В тот период Сикорский, как всегда, проявлял огромную энергию, большой энтузиазм и подвижность, всюду присутствовал сам, принимал дипломатов, проводил ряд переговоров. Наконец, в январе 1940 года он подписал военное польско-французское соглашение. Словом, не имел ни одной свободной минуты. А тут еще приходилось тратить свое драгоценное время на препирательства с санацией, которая пытаясь действовать самостоятельно, часто выступала против официального правительства. Интриги и ссоры возрастали. Внутренняя борьба достигала такого накала, что, например, генерал Домб-Бернацкий позволил себе направить письмо президенту Франции Лебрену, в котором назвал Сикорского узурпатором, требовал его отставки и просил французское правительство сделать это.

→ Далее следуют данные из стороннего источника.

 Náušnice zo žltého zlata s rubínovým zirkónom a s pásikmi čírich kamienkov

Против Пашкевича совершались все более частые выпады. Желая от него избавиться, санация поддерживала его кандидатуру на пост командующего в Сирии. Во Франции он, пожалуй, являлся одним из тех, чьи позиции разбивали планы санации.
После довольно крупных трений Сикорский все же задержал Пашкевича при себе, а ради успокоения санации, пошел на компромисс, назначив на пост командующего польскими войсками в Сирии полковника Станислава Копаньского. Полковник Копаньский придерживался санационного лозунга «хватай все, что удастся, лишь бы как можно больше захватить в свои руки руководящих постов». Он с удовольствием принял назначение. Хотя этот офицер вел свою родословную не из легионов, а во Франции вел себя скромно и в политической жизни не принимал заметного участия, однако среди старых сенаторов из-за занимаемой перед сентябрем должности считался своим. Полковник Копаньский являлся тогда начальником оперативного отдела штаба маршала Рыдз-Смиглы.

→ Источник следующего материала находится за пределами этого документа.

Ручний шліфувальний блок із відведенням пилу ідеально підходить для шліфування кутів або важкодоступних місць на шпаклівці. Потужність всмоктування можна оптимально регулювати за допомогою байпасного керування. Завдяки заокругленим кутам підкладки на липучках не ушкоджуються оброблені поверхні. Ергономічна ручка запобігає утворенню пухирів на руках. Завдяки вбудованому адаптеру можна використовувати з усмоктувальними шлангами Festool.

Замещение высших должностей «проводилось» следующим образом: какой-нибудь генерал или полковник вербовал себе офицеров, давая им различные должности или обещание в повышении звания. Когда таким образом он сколачивал вокруг себя солидное количество офицеров, пошедших на его приманку, он под аккомпанемент санационной рекламы хорошего организатора – получал командование дивизией или полком. Через несколько месяцев такой командир снимался с должности, потому что оказывалось, что он никуда не годится, а на его место приходил новый, опять со своей фалангой верных и преданных.
В самой Франции тоже было нехорошо, вернее, хуже некуда. Раздвоение в обществе было огромным. Реакция брала верх. Палата депутатов во второй половине февраля лишила депутатских мандатов депутатов-коммунистов, а месяцем позже наступил правительственный кризис. Ушел в отставку Даладье, а новое правительство сформировал Поль Рейно. Эта перемена произвела на всех удручающее впечатление. Только наше правительство и штаб совсем не задумывались над положением во Франции, вообще не желая его замечать или понимать.

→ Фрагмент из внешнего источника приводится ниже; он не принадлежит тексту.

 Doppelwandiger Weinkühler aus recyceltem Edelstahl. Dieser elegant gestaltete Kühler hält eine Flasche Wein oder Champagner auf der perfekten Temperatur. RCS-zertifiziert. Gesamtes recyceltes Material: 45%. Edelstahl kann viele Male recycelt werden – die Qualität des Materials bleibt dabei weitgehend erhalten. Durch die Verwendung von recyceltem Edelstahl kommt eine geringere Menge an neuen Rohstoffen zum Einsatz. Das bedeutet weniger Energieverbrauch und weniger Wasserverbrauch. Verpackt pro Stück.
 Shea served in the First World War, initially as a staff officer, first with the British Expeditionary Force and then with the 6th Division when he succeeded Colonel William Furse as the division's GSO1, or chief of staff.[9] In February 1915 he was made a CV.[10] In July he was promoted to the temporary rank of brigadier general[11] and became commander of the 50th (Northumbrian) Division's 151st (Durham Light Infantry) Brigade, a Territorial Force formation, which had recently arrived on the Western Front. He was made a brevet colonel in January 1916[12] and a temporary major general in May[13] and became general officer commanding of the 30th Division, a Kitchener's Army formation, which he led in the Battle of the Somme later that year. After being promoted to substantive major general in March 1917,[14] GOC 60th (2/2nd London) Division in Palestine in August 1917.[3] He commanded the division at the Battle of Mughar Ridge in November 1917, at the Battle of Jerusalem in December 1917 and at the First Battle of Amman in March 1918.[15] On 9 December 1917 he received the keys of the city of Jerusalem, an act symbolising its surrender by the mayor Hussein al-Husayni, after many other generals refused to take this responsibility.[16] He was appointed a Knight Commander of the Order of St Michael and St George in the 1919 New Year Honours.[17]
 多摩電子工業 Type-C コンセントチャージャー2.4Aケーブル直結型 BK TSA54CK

Так дождались мы апреля 1940 года.
С этого времени события стали разворачиваться с ужасающей быстротой.
Поражение и возвращение
9 апреля 1940 года немецкие армии внезапно напали на Норвегию и Данию и сразу же добились серьезных успехов. Это произошло с такой неожиданностью, что союзники не в состоянии были оказать помощь странам, подвергающимся нападению. Для спасения Норвегии подготовили экспедиционный корпус, в состав которого входила и польская часть, Подхалянская бригада.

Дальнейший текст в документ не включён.